Journal of Materials Research and Technology (Jan 2025)
Mechanical properties and energy absorption of CoCrNi functionally graded TPMS cellular structures
Abstract
Functionally gradient triply periodic minimal surface (TPMS) structures are found widespread applications in fields such as aerospace and defense engineering, owing to flexible modulation of lightweight and energy-absorbing properties. CoCrNi medium-entropy alloy (MEA), combining both high strength and ductility, which can significantly enhance the energy absorption efficiency and resistance to failure deformation of complex energy-absorbing structures. In this study, CoCrNi uniform and functionally gradient structures based on Gyroid and Diamond topologies were designed and manufactured via selective laser melting (SLM) technique. The quasi-static and dynamic mechanical performance, deformation behavior, and energy absorption properties of each structure were investigated by universal testing machine and Split Hopkinson Pressure Bar (SHPB) system.
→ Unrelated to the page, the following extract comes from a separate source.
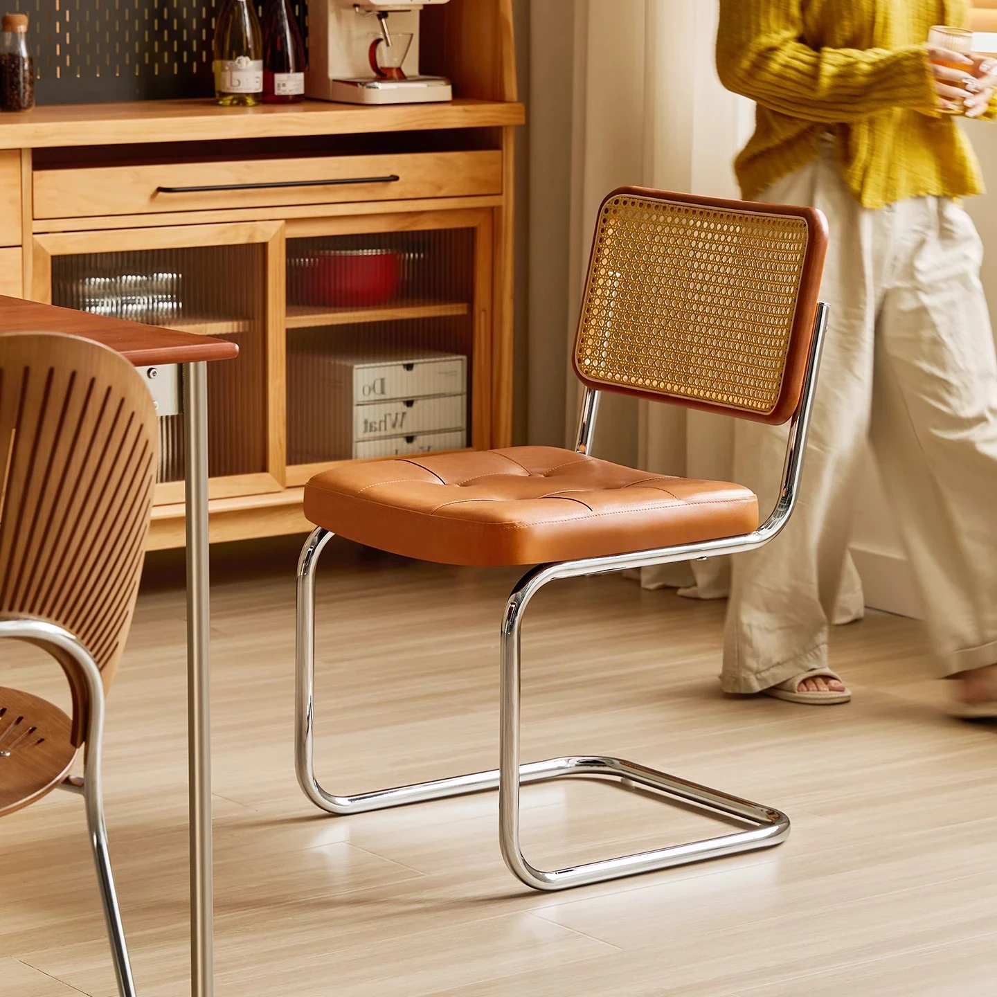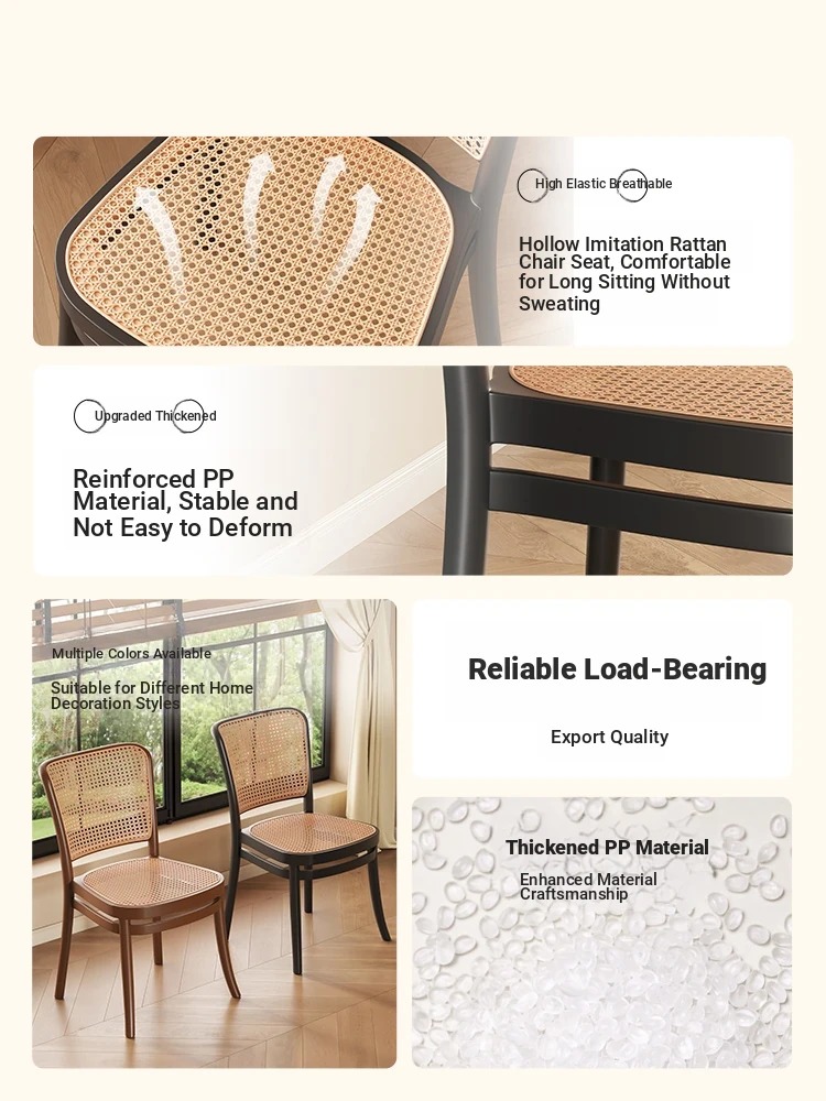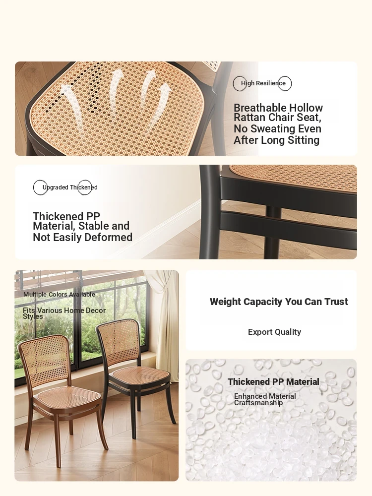 Elegant Rattan Dining Chair - Vintage Style, Stackable Plastic Backrest Chair for Home Use, Ideal for Dining Rooms and Tea Tables, Exudes Luxury and Sophistication

Additionally, based on experimental validation, the Johnson-Cook constitutive model for SLM-ed CoCrNi was successfully developed and applied to finite element analysis (FEA) predictions. Notably, it is found that the multi-level absorbing feature of hybrid gradient (HG) provides new insights for the design of energy-absorbing structures, as its lower initial platform triggering threshold and multi-level hardening behavior align with the layer-by-layer collapse deformation of the structure. By integrating appropriate parameter mapping, the mechanical properties can be predicted and regulated more flexibly, thereby paving the way for novel high-performance energy-absorbing structures.